Гнет - страница 12
Он ходил в кожаной тужурке, в каких тогда комиссары ходили, и принимал активное участие в «раскулачивании» тех людей, кто жил немного лучше других. Вел он себя в селе так, словно он тут царь и бог — многих он тогда людей из домов своих повыбрасывал.
Так вот, зашел он сюда,… вон там он стоял, — баба Киля, вяло махнув рукой, показала в открытый дверной проем, ведущий в коридор, — и стал требовать, чтобы мы ему имеющиеся в доме продукты, золото и деньги сдали. А если не сдадите по-хорошему, — говорит он, шаря своими наглыми глазами по комнате, — то будет по-плохому: я вас всех из хаты выкину.
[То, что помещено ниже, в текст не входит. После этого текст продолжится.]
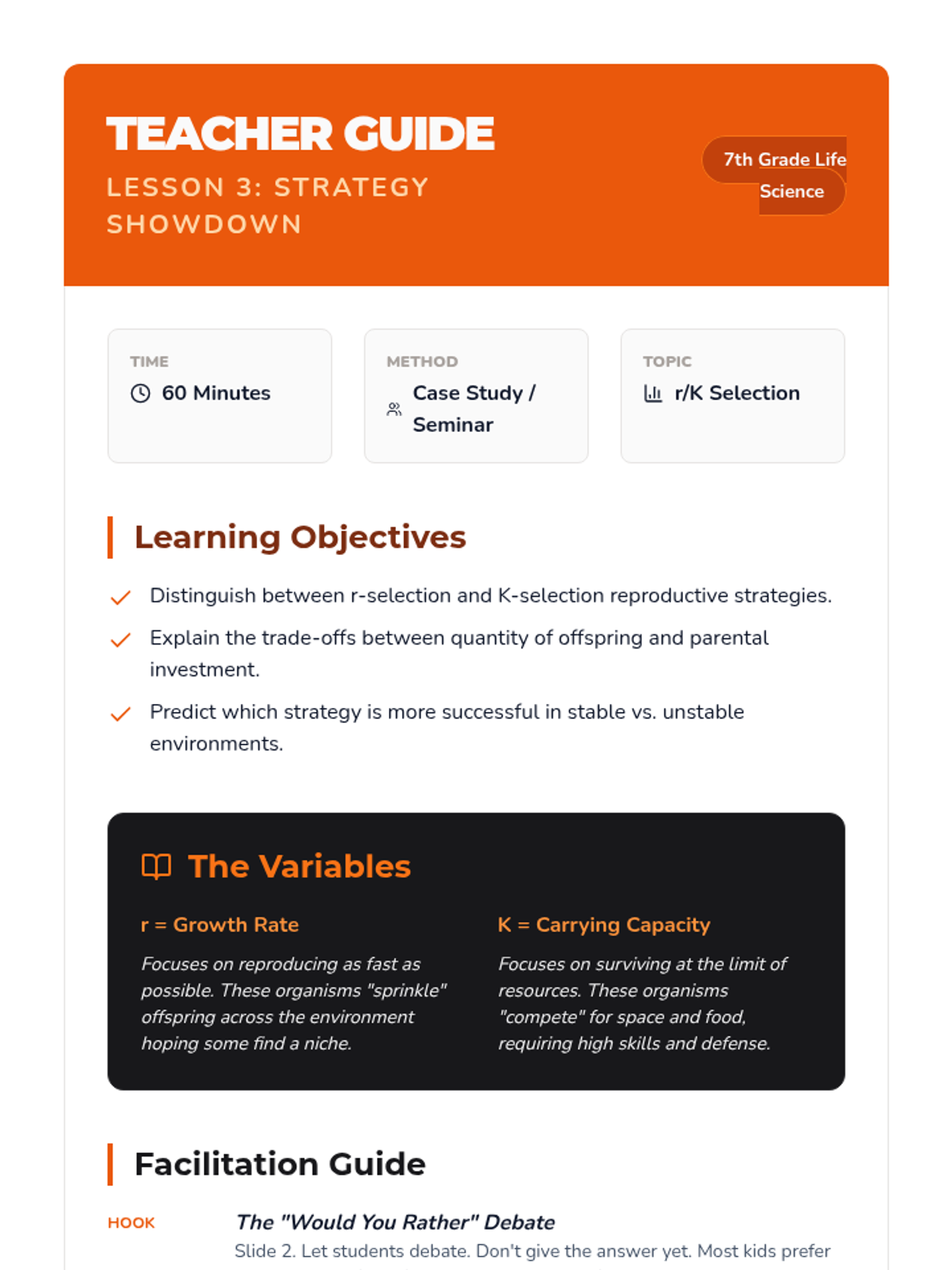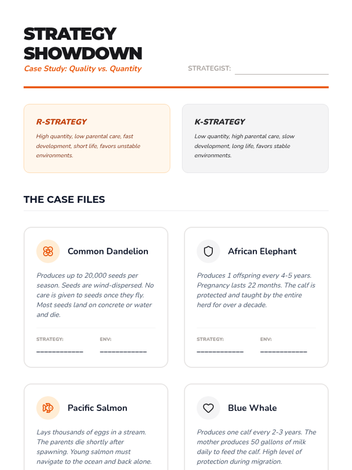 Compare r-selection and K-selection strategies (quality vs. quantity) through case studies of diverse organisms from sea turtles to gorillas.

— Боже! Боже!.. — баба Киля сжалась вся и на какое-то время замолчала, затем, взяв себя в руки, она продолжила:
Я тогда готова была его убить, гадину! Было у меня желание за вилами сбегать, да куда там — силы мои уже на исходе были. Слезы только от беспомощности по щекам текли…
Перерыли они тогда у нас в хате все вверх дном, даже комнатные цветы из горшков повырывали, сволочи — драгоценности искали… Они тогда готовы были и крошки хлеба со стола собрать и унести, лишь бы нам не достались, только не было у нас этих крошек — корой акаций мы уже тогда, как свиньи, питались да мышей, пока двигаться могли, ловили — я их вкус до сих пор помню.
Рылись они у нас в хате до поздней ночи. И представь, — уже обращаясь ко мне, баба Киля горько усмехнулась, — с пустыми руками они тогда все равно не ушли: вытащили они из дома нашу швейную машинку «Зингер», а потом Шинкарчук ко мне подошел.
— А это у тебя что? — он подбородкам указал на мои золотые сережки, которые папа с мамой мне на свадьбу подарили.
— Как, что?.. — еле проворочала я одеревеневшим языком, с испугом и злостью подумав: «Какая же я дура! Как же я раньше не догадалась снять и спрятать их куда-нибудь подальше, а еще лучше: на продукты где-нибудь обменять»…
А тот, протянув свою волосатую руку, схватил сережку и до боли в ухе ее, выворачивая, сквозь зубы зарычал:
— Что вот это?! Вот?!.. Вот?!.. Вот?!
Дед Ваня не выдержал тогда, бросился он на Шинкарчука, и в хате драка началась. Я от греха подальше сняла с себя те сережки и кричу ему: «На, возьми!!!»… А Шинкарчук и прихлебатели его уже остановиться не могли: били они тогда деда Ваню минут десять. Он после этого больше месяца руку не мог поднять — вывихнули ему тогда руку, да и лицо у него все распухшим долго было. Хорошо еще, что его не забрали тогда…
Там, в хате, — обращаясь ко мне, сказала баба Киля, — висит мой портрет — это я сразу после свадьбы в Николаеве сфотографировалась, мы тогда с твоим дедом Ваней туда на рынок дорожками торговать ездили. Так там, на той фотографии я в тех сережках… Красивые были сережки, — потупившись, тихим голосом добавила она. Некоторое время она молчала, затем, обращаясь ко мне, вновь заговорила:
Представляешь, внучек, вокруг села на полях колосится пшеница, которую мы же сами и посадили, и которою нам, даже умирая от голода, трогать, было нельзя. «Это для рабочего класса, — постоянно говорили нам, когда мы, уходя с поля домой, выворачивали перед охранниками свои карманы, — он, дескать, нам светлое будущее строит». А люди тогда, не в силах дождаться этого светлого будущего, уже мучаясь от голода, по ночам на эти охраняемые поля, как к врагу за линию фронта с ножничками вынуждены были ходить. И не дай Бог охранникам попасться: за срезанные колоски или за жменьку зерна в кармане немедленно уголовные дела возбуждались, и этих голодных людей к расстрелу приговаривали,… в лучшем случае — к десяти годам лагерей.
А к осени 1932 года из колхоза уже не только все фуражное зерно нового урожая было вывезено, но даже посевной фонд, приготовленный для следующего года, со складов увезли куда-то.
Боже,… Боже…
Этой же осенью мы все крохи от макухи, что раньше корове давали — в сарае поподбирали, и кошку нашу Мурку съели, — вновь тихим голосом заговорила баба Киля, — а потом мы и до нашей собаки Жучка добрались. Мы ели бурьян, листья и кору, содранную с деревьев, варили лободу, собранную в полях, лягушек и крыс,… все, что двигаться могло, мы тогда ели, но все равно мы быстро слабели.